* _Requirement_
Your copy of the listing must be exact and must hold no images.

* _Data excerpt_
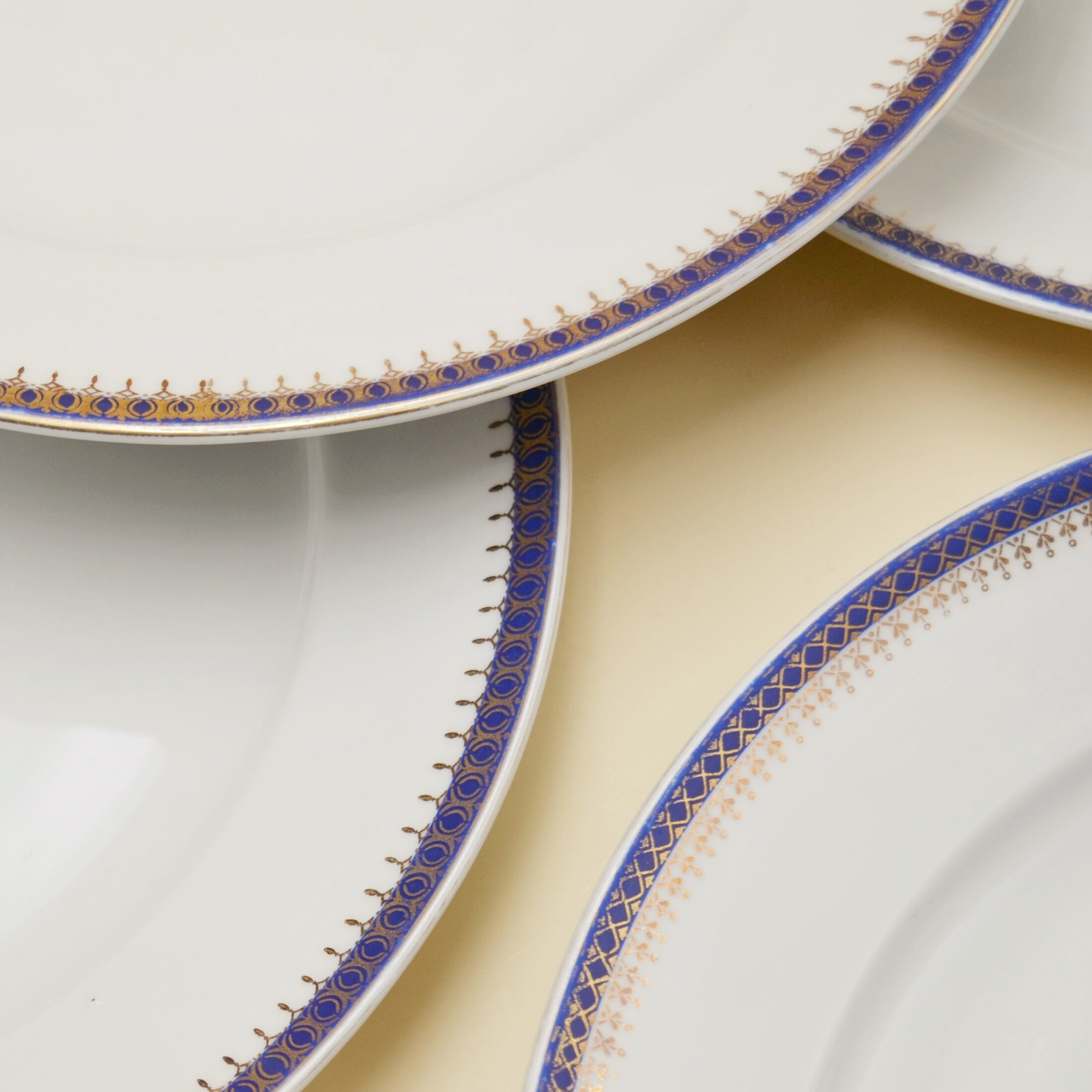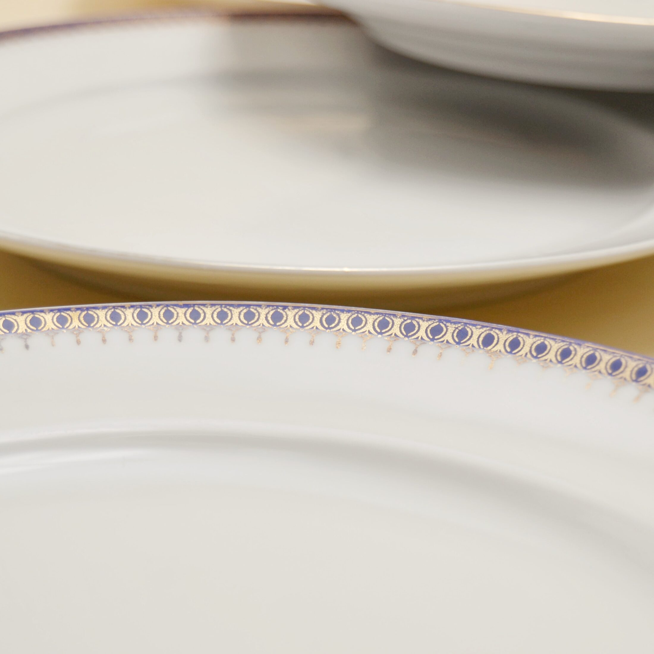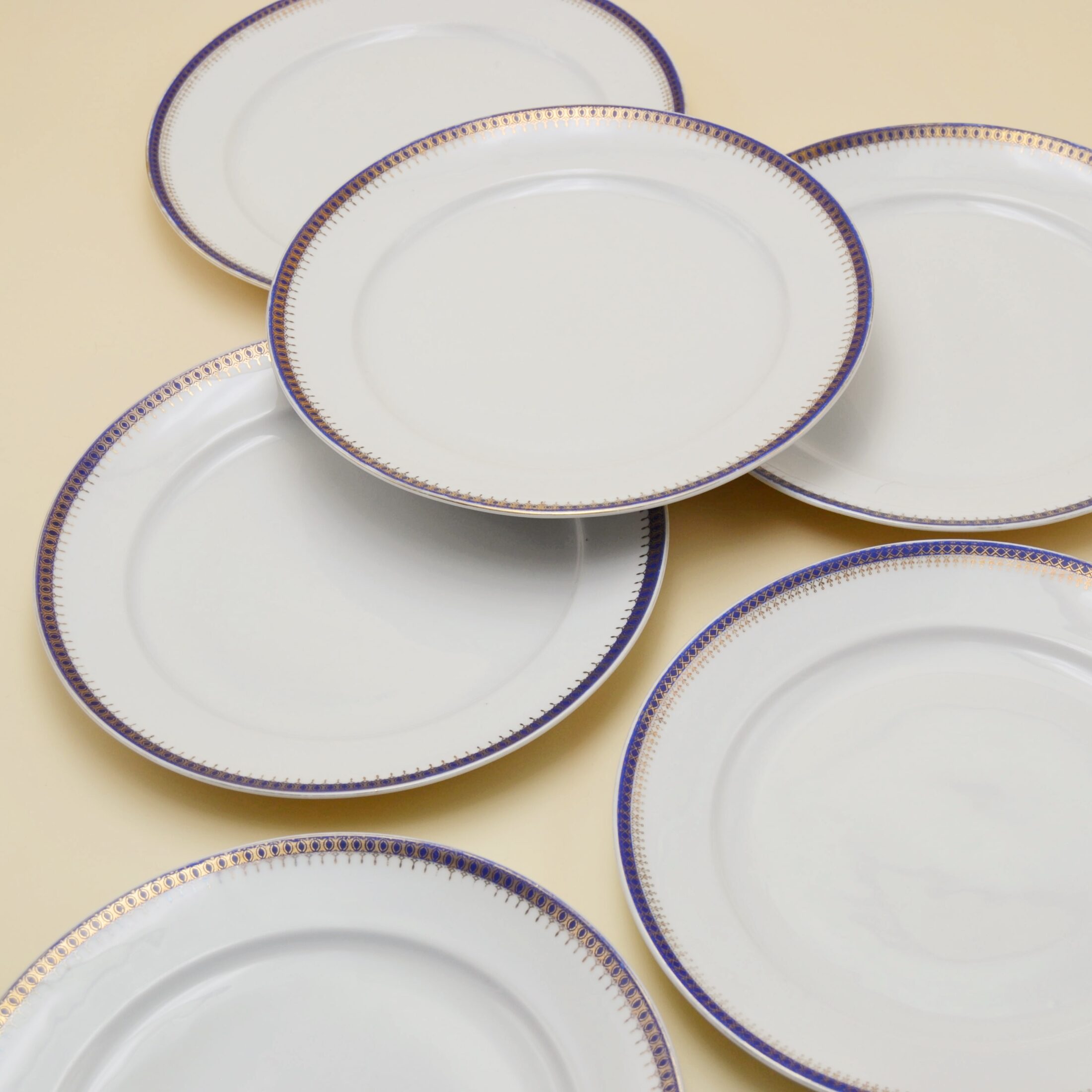 ✨ Élégantes assiettes plates signées Winterling, soulignées d’un fin liseré bleu et de délicats détails dorés.
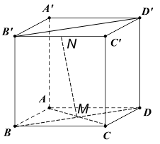 Cho hình lập phương $ABCD \cdot A'B'C'D'$ có độ dài các cạnh bằng 1. Gọi $M,N$ lần lượt là trung
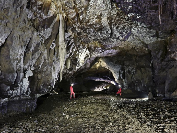 K podzemním krasovým jevům jsou řazeny jeskyně s výplněmi. Jeskyně vznikaly v několika fázích krasové modelace – dokládají to především výškové úrovně jeskynních vchodů. Na tvorbě jeskyní se podílí geologická stavba území za spoluúčasti koroze (rozpouštění) a eroze vápenců, místy se projevuje i řícení.

* _Task response_
 ✨ Élégantes assiettes plates signées Winterling, soulignées d’un fin liseré bleu et de délicats détails dorés.
 Cho hình lập phương $ABCD \cdot A'B'C'D'$ có độ dài các cạnh bằng 1. Gọi $M,N$ lần lượt là trung
 K podzemním krasovým jevům jsou řazeny jeskyně s výplněmi. Jeskyně vznikaly v několika fázích krasové modelace – dokládají to především výškové úrovně jeskynních vchodů. Na tvorbě jeskyní se podílí geologická stavba území za spoluúčasti koroze (rozpouštění) a eroze vápenců, místy se projevuje i řícení.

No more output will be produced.